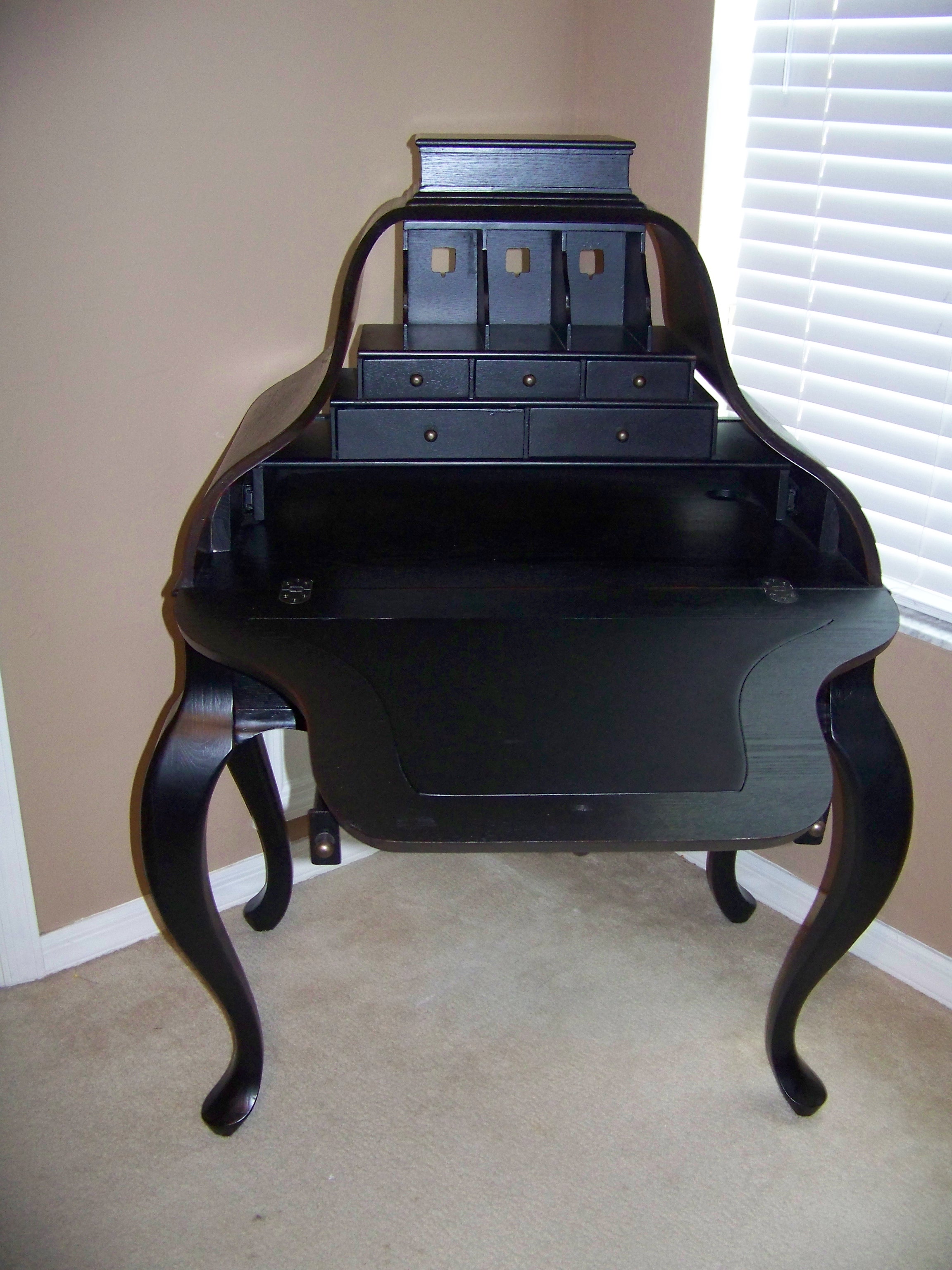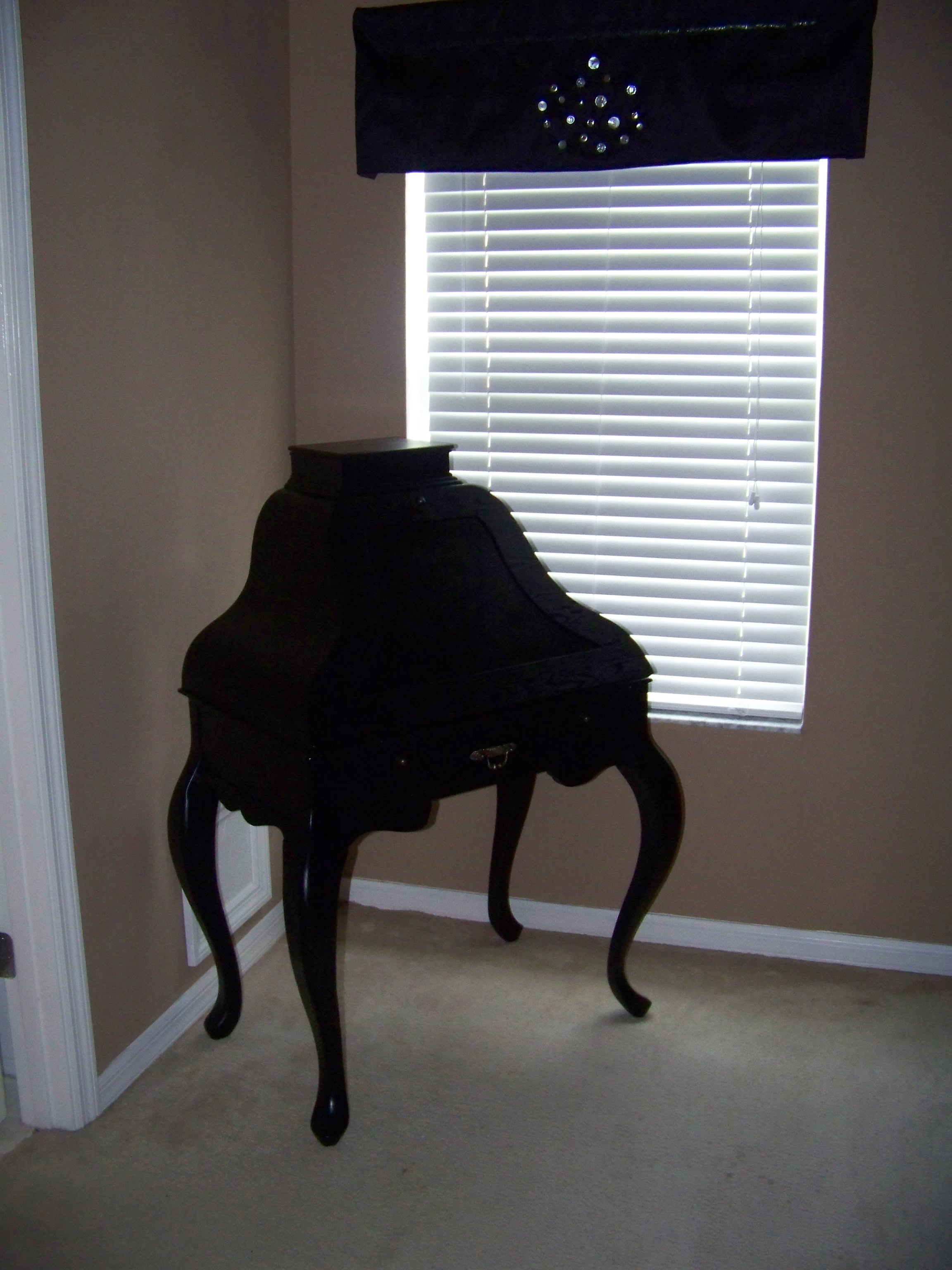 Occasionally, you find a rare treasure. You stumble upon something unexpectedly and it is so pleasing and so delightful, you must have it. In a little shop called eclectic I found this desk. It was stunningly inexpensive and so unique and uncommon; I had to have it. I had no clue as to how I might get the desk home to Florida but I was determined. I would solve that problem later. The legs could be removed and the thing could be shipped. Instead, I got a surprising door-to-door delivery. It is all providence. I had considered going to Charleston but was warned away because of Hurricane Earl. I had considered going south to Miami but then I learned I might have E for Saturday while his brother went to the first Gator game with their father. Fortunately, a third ticket was obtained and E got to go to the game, too. That pleased Evan very much. I had canceled my trip south so as to hang with Evan and now had a wide open four day weekend. I canned mustard. I finished the top of my quilt. I made valences for my bedroom windows. And then, late yesterday afternoon…..I get a desk delivery. And it is a beautiful addition to my bedroom.
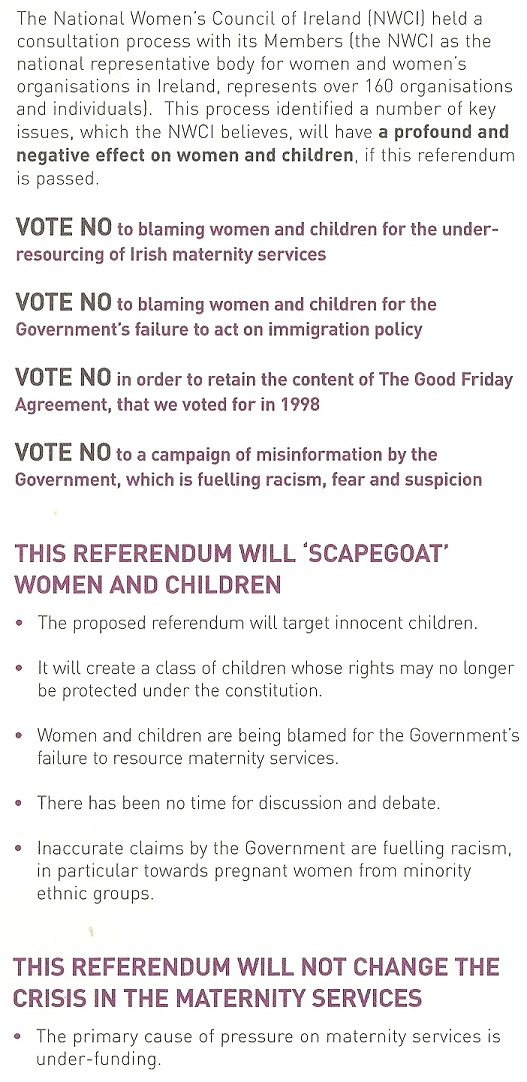 “Vote No” to The Citizenship Referendum leaflet from The National Women’s Council of Ireland » nwci2
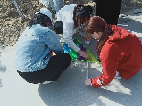 活动伊始,主持人向同学们简单介绍活动流程,放风筝注意事项等。随后,各小组领取活动方准备的空白风筝和原料或自行准备绘画工具。活动要求同学们在规定时间内完成风筝绘制。制作过程中,同学们纷纷展示出自己的绘画功底,他们或画上动漫人物;或写上梦想与期望;或集齐全班人的签名,形态各异,美轮美奂。制作完成后,各小组在领取风筝线后,由小组成员共同放飞属于自己的风筝。同学们在操场上牵线奔跑,让风筝随风逐云,跟随着温暖的春风越飞越高,越飞越远。每个风筝上书写一句口号和目标,在和煦的春风里,放飞希望。活动最后,主持人进行总结,并组织合影留念。
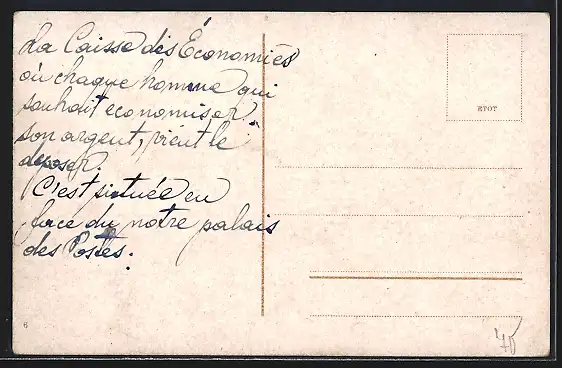 Personenbezogene Daten auf der Rückseite der Karte wurden durch blauen Textmarker unkenntlich gemacht. Die blauen Stellen sind auf die Vorderseite durchgeweicht und wirken sich negativ auf das Postkartenfoto aus
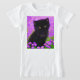 T-Shirt featuring a Gustav Klimt cat! This fluffy kitty sits in a green field of purple flowers. A purr-fect gift for cat lovers and Austrian art enthusiasts!
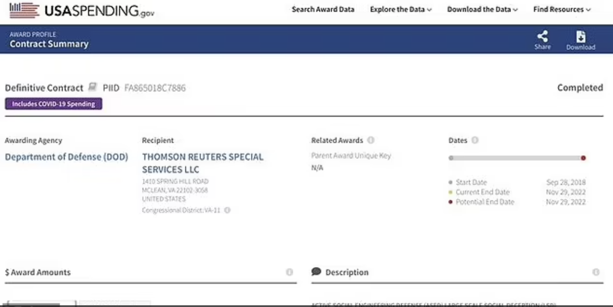 这一问题源于2018年由美国国防部(DOD)与汤姆森路透社特别服务有限责任公司(TRSS)签订的一项为期四年的合同。该合同的金额为900万美元,旨在开发工具来保护美国政府免受社会工程攻击。社会工程攻击是一种网络攻击方式,攻击者通过欺骗手段诱导目标泄露敏感信息。这项工作由国防部高级研究计划局(DARPA)提供资金,并由空军研究实验室授予。
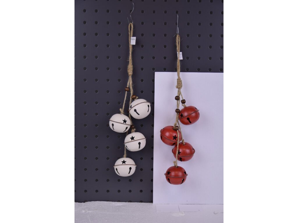 Girlanda s 5timi rolničkami, kovová, 33cm, biela/červ|Ego dekor
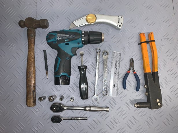 As I said drilling, isn’t my strongest skill. I managed to get three holes where I wanted, but one was slightly off, thankfully the rivets permitted enough play to mask this mistake. I took the opportunity to paint the holes I drilled with POR15 chassis paint and fill the chassis tubes with ACF50 anti rust oil, before riveting the expansion tank bracket in place. For convenience decided to use the hand pop rivet tool instead of setting up the air powered tool. Unfortunately this always seems to damage the black rivet heads, so a little more chassis paint was used to touch them up (still wet when the photo was taken).
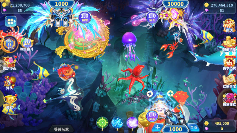 4. 经典实时联网玩法:保留传统刺激的捕鱼玩法,实时联网让多名玩家同场竞技,共同争夺鱼群,体验紧张刺激的争食乐趣。
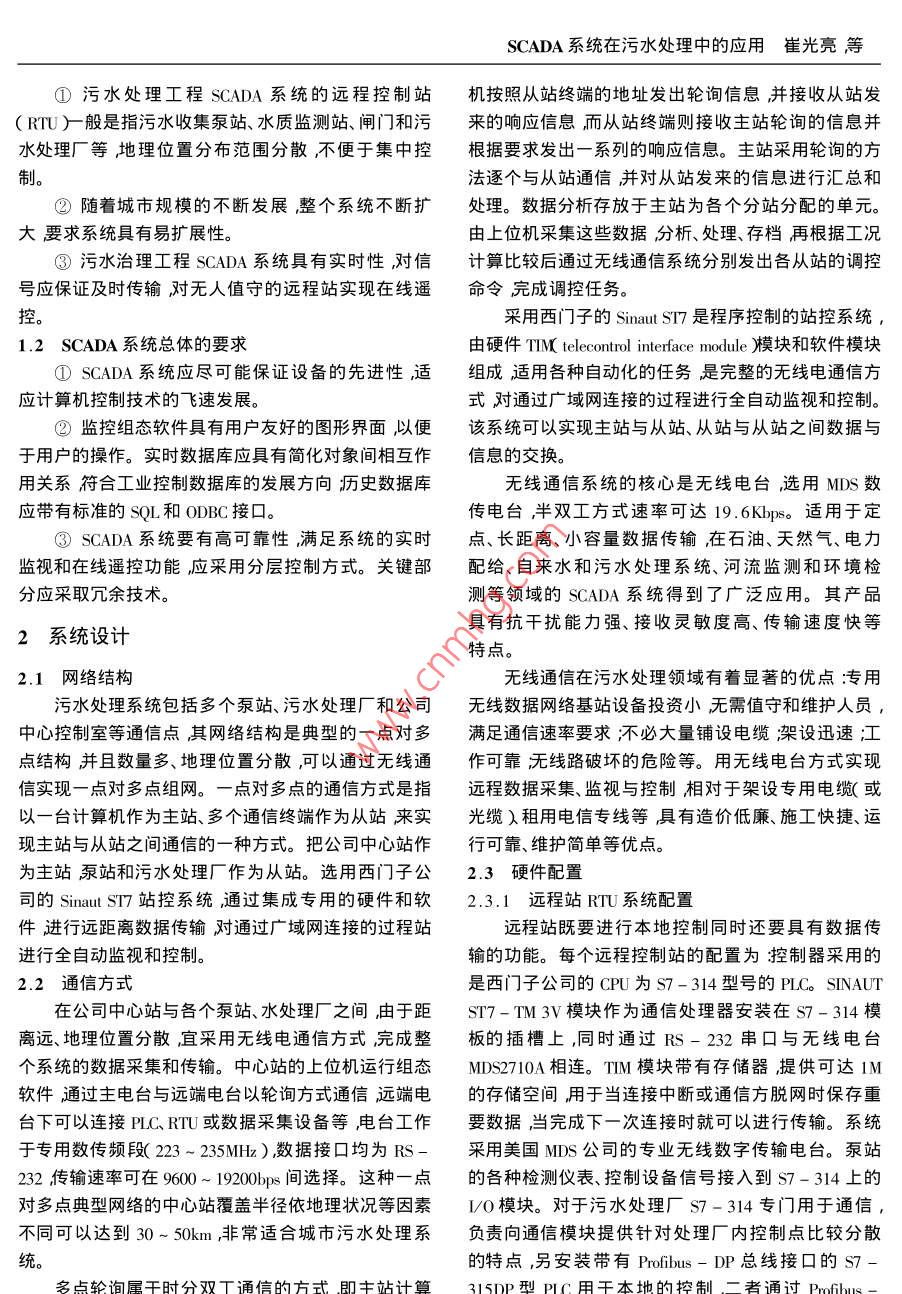 《自動(dòng)化儀表》第24卷第10期2003年10月幅伴熱DCS畫(huà)面集中監(jiān)控(TT,2及T3)并把報(bào)警安全生力開(kāi)關(guān)MaAe信號(hào)引入儀表人員值班室內(nèi)實(shí)現(xiàn)及時(shí)預(yù)防和處理此項(xiàng)原設(shè)計(jì)原理圖技術(shù)已應(yīng)用二年多效果十分顯著。但是要完成此功能必須具備兩個(gè)條件:是變送器工作在數(shù)字通信方式;二示壓邏點(diǎn)報(bào)警信號(hào)是APM的信號(hào)處理器必須是使用S智能處理器。變送器聯(lián)信號(hào)4結(jié)束語(yǔ)b改造后原理圖幾年來(lái),灬C-3000集散型控制系統(tǒng)和ST-3000圖3風(fēng)機(jī)壓力聯(lián)鎖改造原理圖智能變送器在我廠使用一直較好其故障率和維護(hù)量極少。隨著新技術(shù)的不斷應(yīng)用繼續(xù)不斷地開(kāi)發(fā)和研U站報(bào)警制DCS和智能變送器的新功能使其更好地服務(wù)于石值班報(bào)警變送器回化企業(yè)是我們今后努力的方向。圖4DSC溫度監(jiān)控系統(tǒng)圖修改稿日期2002-06-30SCADA系統(tǒng)在污水處理中的應(yīng)用The Application of SCADa System in Sewage Treatment崔光亮!馮正進(jìn)!蘇純2劉成良1上海交通大學(xué)機(jī)電控制研究所上海200030海寧污水處理廠2海寧314400)摘要利用遠(yuǎn)程通信構(gòu)成分級(jí)計(jì)算機(jī)監(jiān)控系統(tǒng) SCADA)實(shí)現(xiàn)污水處理的本地控制和遠(yuǎn)程控制中心的集中監(jiān)控與調(diào)度。針對(duì)污水處理系統(tǒng)的特點(diǎn)與要求對(duì)系統(tǒng)結(jié)構(gòu)、通信方式、硬件配置和監(jiān)控組態(tài)軟件進(jìn)行了設(shè)計(jì)。該系統(tǒng)投入實(shí)際運(yùn)行表明效果良好。關(guān)鍵詞 SCADA系統(tǒng)污水處理數(shù)據(jù)采集無(wú)線通信Abstract The hierarchical computerized supervisory control system( SCADA)is composed with remote communication. Centralized supervisory controlnd dispatching of local and remote control are implemented for sewage treatment. In accordance with the features and requirement of sewage treatmentsystem, system architecture communication scheme hardware composition and configuration software of supervisory and control are designed. The re-ey words SCADA system Sewage treatment Data acquisition Wireless communication0引言水收集管網(wǎng)、泵站、水質(zhì)監(jiān)測(cè)站和城市污水處理廠。污水處理廠一般建在遠(yuǎn)離市區(qū)靠近河流的地方以便于污水處理 SCADA系統(tǒng)是指通過(guò)采用儀表、控制將處理后的水排出泵站、監(jiān)測(cè)站分布在市區(qū)和工業(yè)區(qū)裝置和計(jì)算機(jī)等設(shè)備對(duì)污水收集處理工程進(jìn)行自動(dòng)內(nèi)污水處理系統(tǒng)控制設(shè)備地點(diǎn)分散。從整體看污水檢測(cè)、監(jiān)測(cè)、控制和管理以保證污水處理系統(tǒng)安全、處理過(guò)程是一個(gè)地理位置分散、分布時(shí)變參數(shù)多、復(fù)雜經(jīng)濟(jì)、有效地運(yùn)行。同時(shí)對(duì)污水處理工藝進(jìn)行自動(dòng)的生產(chǎn)過(guò)程系統(tǒng)。化監(jiān)測(cè)和適時(shí)控制是提高污水處理效率、降低處理SCADA系統(tǒng)的主要結(jié)構(gòu)包括遠(yuǎn)程控制單元能耗的關(guān)鍵。 SCADA技術(shù)又稱為計(jì)算機(jī)四遙(遙測(cè)、(RTU)通信網(wǎng)絡(luò)及中心主站三部分,遙控、遙信、遙調(diào))技術(shù)在給排水行業(yè)得到廣泛的應(yīng)1污水處理 SCADA系統(tǒng)的特點(diǎn)與要求用。SCADA系統(tǒng)在污水處理中的應(yīng)用崔光亮簿等①污水處理工程 SCADA系統(tǒng)的遠(yuǎn)程控制站機(jī)按照從站終端的地址發(fā)岀輪詢信息并接收從站發(fā)RTU)般是指污水收集泵站、水質(zhì)監(jiān)測(cè)站、閘門(mén)和污來(lái)的響應(yīng)信息而從站終端則接收主站輪詢的信息并水處理廠等地理位置分布范圍分散不便于集中控根據(jù)要求發(fā)出一系列的響應(yīng)信息。主站采用輪詢的方制,法逐個(gè)與從站通信并對(duì)從站發(fā)來(lái)的信息進(jìn)行匯總和②隨著城市規(guī)模的不斷發(fā)展,整個(gè)系統(tǒng)不斷擴(kuò)處理。數(shù)據(jù)分析存放于主站為各個(gè)分站分配的單元。大要求系統(tǒng)具有易擴(kuò)展性。由上位機(jī)采集這些數(shù)據(jù)分析、處理、存檔再根據(jù)工況③污水治理工程 SCADA系統(tǒng)具有實(shí)時(shí)性對(duì)信計(jì)算比較后通過(guò)無(wú)線通信系統(tǒng)分別發(fā)出各從站的調(diào)控號(hào)應(yīng)保證及時(shí)傳輸對(duì)無(wú)人值守的遠(yuǎn)程站實(shí)現(xiàn)在線遙命令完成調(diào)控任務(wù)控采用西門(mén)子的 Sinaut st是程序控制的站控系統(tǒng)12 SCADA系統(tǒng)總體的要求由硬件們 w telecontrol interface module)模塊和軟件模塊① SCADA系統(tǒng)應(yīng)盡可能保證設(shè)備的先進(jìn)性,適組成適用各種自動(dòng)化的任務(wù)是完整的無(wú)線電通信方應(yīng)計(jì)算機(jī)控制技術(shù)的飛速發(fā)展式對(duì)通過(guò)廣域網(wǎng)連接的過(guò)程進(jìn)行全自動(dòng)監(jiān)視和控制②監(jiān)控組態(tài)軟件具有用戶友好的圖形界面以便該系統(tǒng)可以實(shí)現(xiàn)主站與從站、從站與從站之間數(shù)據(jù)與于用戶的操作。實(shí)時(shí)數(shù)據(jù)庫(kù)應(yīng)具有簡(jiǎn)化對(duì)象間相互作信息的交換。用關(guān)系符合工業(yè)控制數(shù)據(jù)庫(kù

+ + + + + + +

To do: Above are some records. Output exactly the lines from the one that contains "Girlanda s 5timi" to the one that contains "4. 经典实时联网玩法:保留", keeping both, and omit the pictures.

Answer section:
 Girlanda s 5timi rolničkami, kovová, 33cm, biela/červ|Ego dekor
 As I said drilling, isn’t my strongest skill. I managed to get three holes where I wanted, but one was slightly off, thankfully the rivets permitted enough play to mask this mistake. I took the opportunity to paint the holes I drilled with POR15 chassis paint and fill the chassis tubes with ACF50 anti rust oil, before riveting the expansion tank bracket in place. For convenience decided to use the hand pop rivet tool instead of setting up the air powered tool. Unfortunately this always seems to damage the black rivet heads, so a little more chassis paint was used to touch them up (still wet when the photo was taken).
 4. 经典实时联网玩法:保留传统刺激的捕鱼玩法,实时联网让多名玩家同场竞技,共同争夺鱼群,体验紧张刺激的争食乐趣。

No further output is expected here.